Good on you bro, i'm going to take some of this advice!Just space out that long wall of text, it might scare some people off because theres some real good information in there.


----------



## Mark02

*I wish I could heed this advice*

Hey guys, I've already hit rock bottom and I just *can't* do it.

I can't go to parties (don't get invited because I don't have friends), I CAN'T talk to girls, I CAN'T hold their interest, I CAN'T touch them, I CAN'T kiss them, I CAN'T ask them out on a date....if I even get close to doing those things, I'm prone to passing out or having a seizure.

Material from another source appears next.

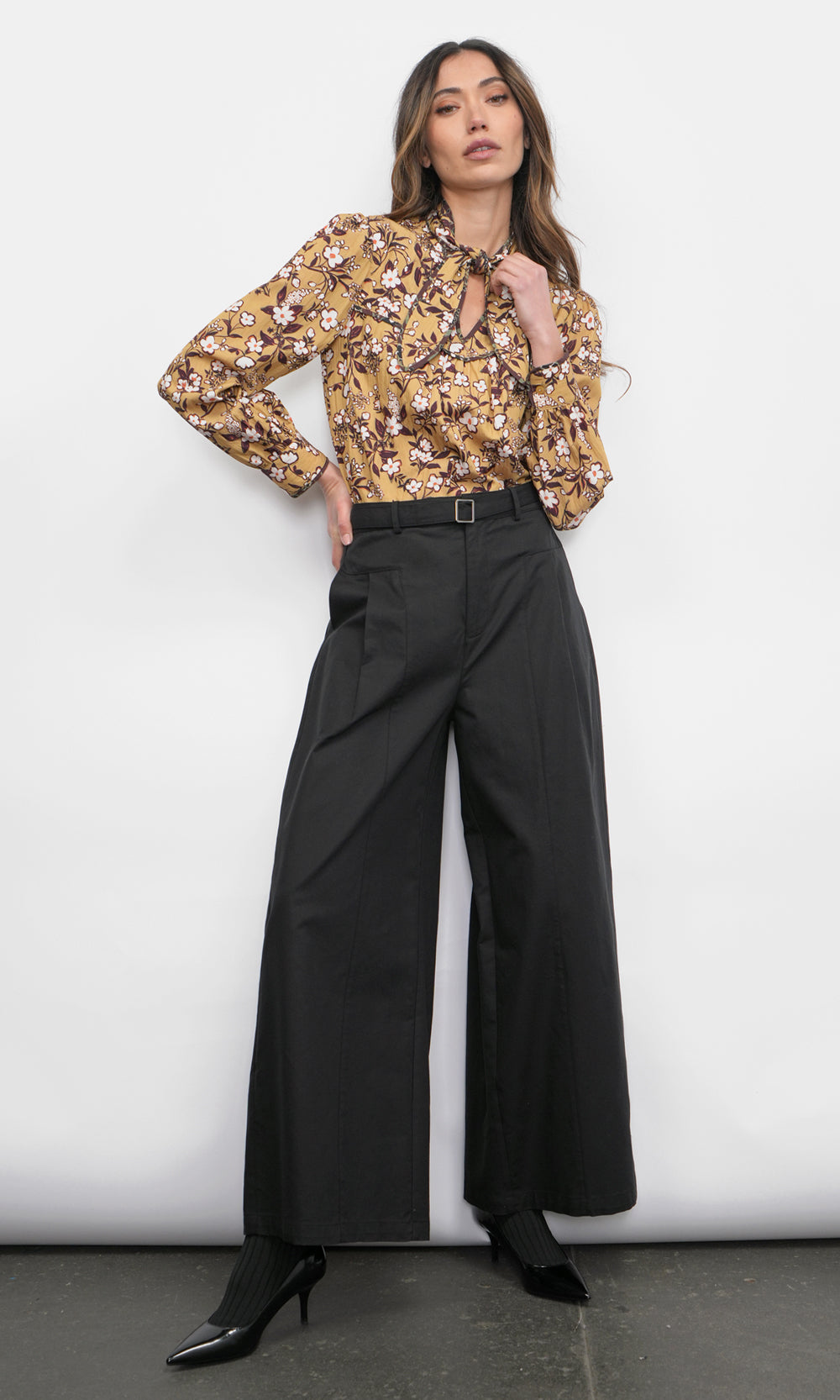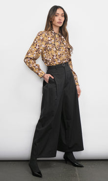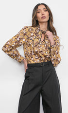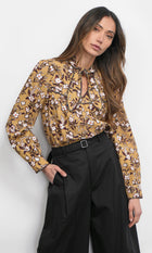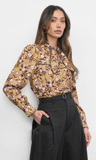 Crafted from a lightweight, fluid fabric, this exquisite blouse showcases a captivating floral print in a rich palette of mustard yellow (or camel), cream, and subtle burgundy accents.

Perhaps my SA is much more severe than yours, but I feel like the advice is impossible for me to implement at this time. And it makes me feel terrible, because it IS sound advice and very logical. I feel very lost : /


----------



## millenniumman75

Sounds like Jersey Shore to me.


----------



## jagmusic

This guy obviously has pretty mild SA.


----------



## seancooper

Good tips. Talk to everyone, touch, go for the kiss decisively, get the #, take it slow.

I've gotten better with girls as well over the past few months. It starts out intimidating, but you build up the confidence as you get more experience. And IMO that's the main thing most girls are looking for: confidence.


----------



## kos

millenniumman75 said:


> Sounds like Jersey Shore to me.


Hahahahaha.


----------